I think the problem isn’t the training programs but in the hiring process…

  Firms don't want their people to prospect traditional "dirty" ways, they want them to network and be socialable. The problem is that the people who built the wires up where not those people..   Ace Greenberg said he wanted, Poor Smart with a deep desire to become wealthy to be brokers   But now as you can tell from this forum, people think they can just show up and make $75-125 without doing anything or putting in the hours.  
Dec 23, 2009 12:42 am

That is it in a nutshell!!!  And those producers who “inherit” books think it is all allright.

Dec 23, 2009 3:18 pm

[quote=AGEMAN][quote=chief123]I think the problem isn’t the training programs but in the hiring process…

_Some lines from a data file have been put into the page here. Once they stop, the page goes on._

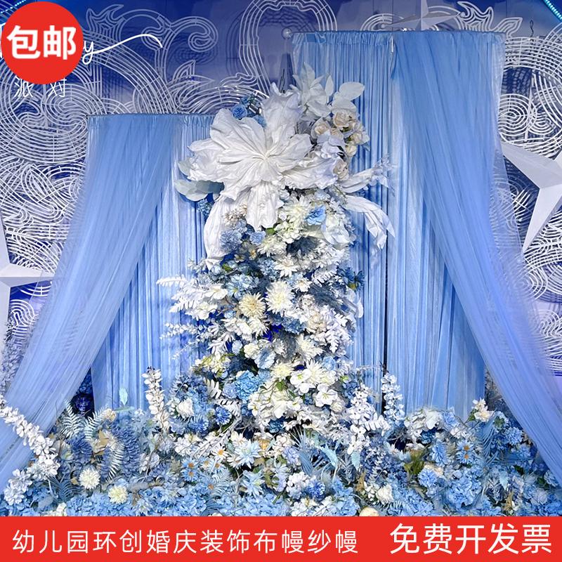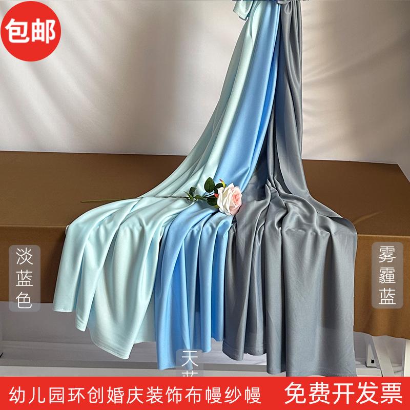 淡蓝色布幔吊顶幼儿园环创布料婚庆弹力布牛奶丝中式国风书法纱幔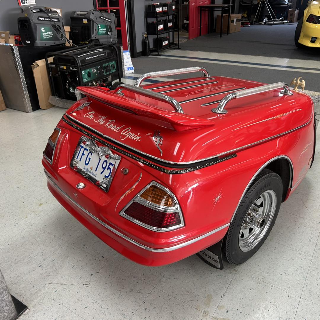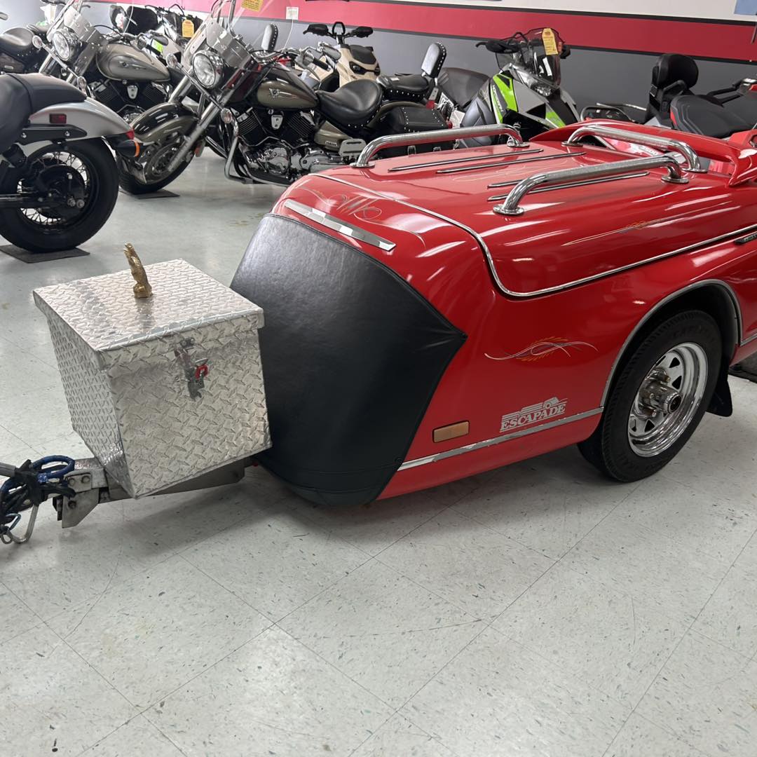 Factory Motorcycle Trailer built by escapade Trailers in California. This little unit is in fantastic condition and is ready to go. Has many upgrades such as rooftop luggage rack, front leather bra, built and cooler, and a cover. At $2199.plus HST and Motor Vehicle this could be yours. Retails for approximately $6000 Canadian. Custom colour change would be available at an extra cost, but would have to be quoted based on your colour of choice. If you’re interested, please call the store at 709–489–7653. Thanks for looking.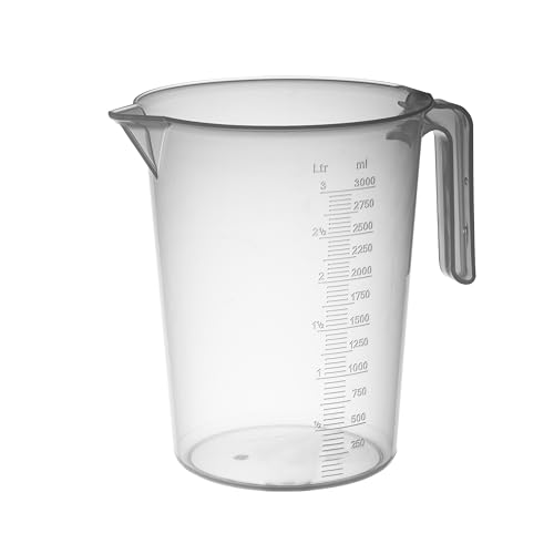 PIAZZA Professionell graderad plastkanna med öppet handtag, kapacitet 3L, kanna för vatten och matvätskor - graderad mätkopp för att väga mat med köksvåg, tillverkad i Italien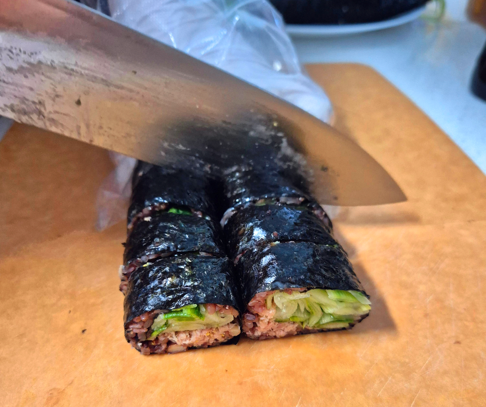 이제 위에서 만들어둔 재료를 바탕으로 김밥을 말아주시면 끝 입니다!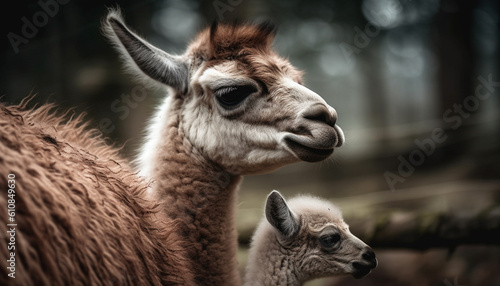 Obraz premium Cute alpaca grazing in green meadow, looking at camera generated by AI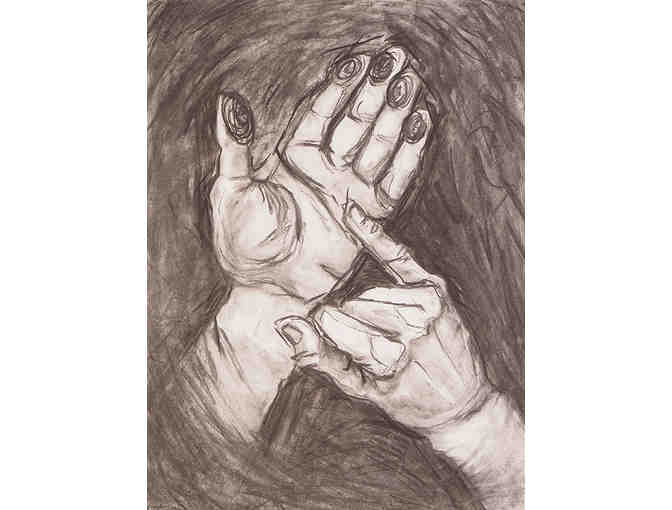 Faith Reagin is a junior BFA student at Mercer University in Macon, Georgia. She has loved drawing and painting all her life, and the Ashes to Art project inspired her to render one of her favorite subjects: hands. This piece depicts the ASL sign for the word "art," created with wildfire charcoal and shiny graphite.

  Firms don't want their people to prospect traditional "dirty" ways, they want them to network and be socialable. The problem is that the people who built the wires up where not those people..   Ace Greenberg said he wanted, Poor Smart with a deep desire to become wealthy to be brokers   But now as you can tell from this forum, people think they can just show up and make $75-125 without doing anything or putting in the hours.  [/quote] I have seen some poor hires in my area.  Most of them are people I would have never hired had I been the one with that decision.  So there is a problem with the hiring process.  I would hate to have to try to start over now with more and more people on the DNC list.  My experience from my training class at Edwards was the ones who said they were going to network to build the business were the first ones to fail.  [/quote]   Agreed. It is harder today, but still possible.   Networking just takes too long. Unless you already have a network of people(even then would they really give you any of their money if you were just hired).   The only way to get off the ground quick is calling, walking or seminars.
Dec 23, 2009 10:36 pm

I don’t think companies care if the newbie makes it or not. Particularly at Jones where they pay next to nothing. Over time whatever new business a new-new brings in will amortize enough to cover expenses. The trouble is that experienced FA’s don’t have time to train, so you end up with professional trainers that teach a recipe that they have no experience with. The sad thing is, the Jones model may be the best training out there, yet must have a 90% failure rate. At 90% failure rates, if a training system were a medicine, it would never get FDA approval. So the original post may be correct.

Dec 24, 2009 4:47 am

Jones training isn’t all that special.

Jan 2, 2010 11:47 pm

Folks, you need to have at least $25 million in assets under management to survive, and you need that by year four.  Think hard about it.